Gold prices were on track for a second straight weekly gain on Friday due to improved expectations of interest rate cuts, providing support for silver and platinum, which are up 5.6% and 6.3% respectively this week.
Spot gold rose 0.5 percent to $2,387.85 an ounce. Bullion prices are up 1% so far this week after hitting a one-month high on Thursday.
Signs that inflation may be slowing increase the likelihood of interest rate cuts in the coming months, which tends to support gold and silver prices
On the demand side, expectations of continued strong demand in China received a boost after the country announced more efforts to stabilize the real estate sector hit by the crisis.

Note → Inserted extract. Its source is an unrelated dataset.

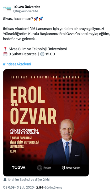 3. AKP’li Cumhurbaşkanı R.T. Erdoğan’ın oğlu Bilal Erdoğan’ın yüksek istişare kurulu başkanı olduğu TÜGVA’nın üniversiteler sosyal medya hesabından yapılan paylaşımda Yükseköğretim Kurulu (YÖK) Başkanı Erol Özvar’ın, vakfın Sivas Bilim ve Teknoloji Üniversitesinde düzenlediği “İhtisas Akademi ’26” programına katılacağı duyuruldu. Paylaşımda “Sivas, hazır mısın? İhtisas Akademi ’26 Lansmanı için yeniden bir araya geliyoruz! Yükseköğretim Kurulu Başkanımız Erol Özvar’ın katılımıyla; eğitim, hedefler ve gelecek…” ifadeleri yer aldı. (3 Şubat)

Demand in China, which has contributed to rising gold prices in recent months, has become more important as the market waits to see if high gold prices will prompt some central banks to slow purchases and as outflows from financially backed exchange-traded gold funds continue.
Global central banks actively bought gold in 2022-2023, but their largest buyer, China’s central bank, slowed buying in April when spot gold prices reached a record high of $2,431.29.
Independent analyst Ross Norman said: “Central banks these days are more nuanced in their buying behavior and will change the program to be more opportunistic – that is, buying at lows and scaling back highs.”
In the physical market, traders were offering lower insurance premiums in China and bigger discounts in India this week. On the supply side, the 15% increase in the price of gold since the beginning of 2024 keeps profit margins strong for gold miners. According to the World Gold Council, the total global expenditure of gold miners averaged $1,342 per ounce in the last quarter of 2023.
Gold nears second weekly gains on expectations of a rate cut
Expectations of interest rate cuts push gold prices higher Goldprices are poised for a second consecutive weekly gain , supported by increased expectations of a rate cut by the Federal Reserve. U.S. consumer prices rose less than expected in April, boosting hopes of a September rate cut as inflation trended lower. Retail sales data, which showed no growth in April, supports the possibility of monetary easing, suggesting slowing demand. Local .
XAU/USD is trading at USD$2,400.70, up USD 10.16 or +0.43% .
The Consumer Price Index (CPI) rose 0.3% in April, down from 0.4% in the previous two months, suggesting a possible easing of inflationary pressures. The year-on-year CPI rose 3.4% , slightly below the 3.5% increase in March. It is worth noting that the cost of shelter and gasoline contributed significantly to the rise in the CPI, while food prices remained unchanged. The core CPI, excluding food and energy, rose 0.3%. This reflects continued inflation in sectors such as healthcare and personal care .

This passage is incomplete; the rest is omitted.